I'm lying on my back, feet in stirrups. Dr. Gyno snaps on a plastic glove and gives the old "scootch toward me." This is not how I had planned on spending my Tuesday morning.
I have lived by the motto "Jump and the net will appear," and not just because I have a thing for firemen. That simple philosophy has inspired me to lead a life of frequent and deliberate change. Hairstyles, apartments, boyfriends, careers... I cycled through them all with the ease of an iPod shuffle.
Right now you're probably thinking, "Wow, what a flake." And you'd be right, only I prefer the term "Change Junkie." It's more accurate, and besides, I kind of like the badass connotation. But that was the old (young) me. Now I'm the new (old) me. I'm a 42-year-old wife, with a kid, and a husband who wants another (kid, not wife. Not as far as I know, anyway). Unfortunately for him -- and for three sets of eager, salivating grandparents -- the concept of change now totally freaks me out.

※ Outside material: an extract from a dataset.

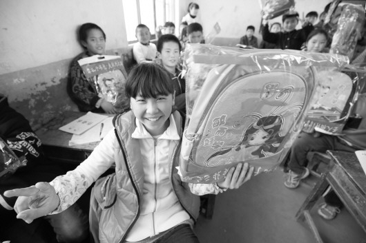 拿到新书包,读五年级的刘子扬第一时间就用上了,新书包来了,装书用的布袋也终于可以“退休”了,子扬告诉记者,其实以前她有个书包,但自从坏了以后,这个布做的购物袋就成了她的书包,而今,书包终于不再是布袋,子扬有些爱不释手。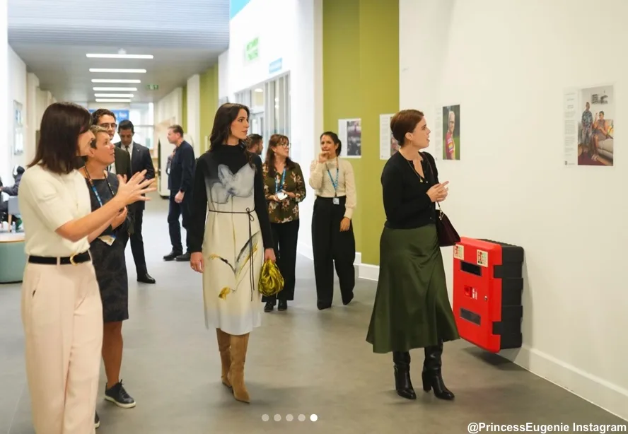 Yesterday, Princess Rajwa joined another royal family member, Princess Eugenie, for engagements showcasing ways artwork is integrated into mental health wards at hospitals in London.

There could be six half-naked firemen standing outside my window yelling "Jump, you're ovulating!" and I still wouldn't budge. When it comes to the question of whether to have a second child, I haven't had the guts to lift my feet off the floor.
Let me explain: My first pregnancy was symptom-free. Even worse, I enjoyed it. I was a "glow"-er. And despite my fears that I would give birth to an ugly dullard, my daughter, now 3 years old, has turned out shockingly well. We're a very small, very manageable, very happy family of three. So why push it? I'd always been a good gambler; I knew when to hold 'em, when to fold 'em, when to walk away, and when to run screaming from the idea of another kid.
But then came the vacillating. Some days I'd find my brain playing Good Cop/Crazy Cop with itself. One minute I would be scheduling a vasectomy for my husband based on the fact that 60 percent of the finalists on American Idol were only children; the next minute I was gazing longingly at my daughter's baby pictures, then telling my husband to "get undressed and turn off the lights before I change my mind!" Most times, though, I could fight the impulse.
It was a Sunday afternoon. My kid was napping, my husband was out, I was shaving lint balls off the couch. I began watching a repeat of a talk show, and it was a doozy. I won't go into much detail because if I do I may start crying.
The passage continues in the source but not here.